Note the steepness of the graben, and lack of accumulated debris.

The Butte Fault is connected to the East Kaibab Monocline which trends north-south up the Colorado River, and turns north-northwest forming the east perimeter of the Kaibab Plateau, which lies due-north of the Tanner Graben region.

==Geology==
The south face of the Tanner Graben block shows three distinct geology units, all conformably laid members of the Grand Canyon Supergroup-(and Unkar Group), and are at a paleo-tilted (fault) angle of about 15 degrees.
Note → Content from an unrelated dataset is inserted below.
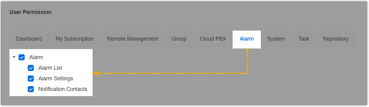 The reseller can only access and manage the selected features when he or she logs in to Yeastar Central Management.

The prominence is horizontal (15 degrees dip to ~north-northeast?) caprock section of distinctively, multi-layered Nankoweap Formation, which is a unit of the Grand Canyon Supergroup. The Nankoweap Formation is conformably laid on member units of the Unkar Group, the lowest and first group of the Grand Canyon Supergroup. The black Cardenas Basalt, makes up much of the Tanner Graben; it sits on erodable, softer, reddish, and layered-(inter-bedded) Dox Formation. The Dox Formation forms the west and east sides of the narrow southeast flank of the Tanner Graben, and shows its down-dropped distance.

==Access==
Views of the Tanner Graben can be made from the Tanner Trail as it descends down the west ridgeline of the north-trending Tanner Canyon (Tanner Creek). The trail descends from Desert View, East Rim-(Desert View Watchtower), where many viewpoints along the East Rim look down to the Tanner Graben. Tanner Graben is 1.5 miles west of Comanche Point, which is 3 miles north of Desert View, East Rim.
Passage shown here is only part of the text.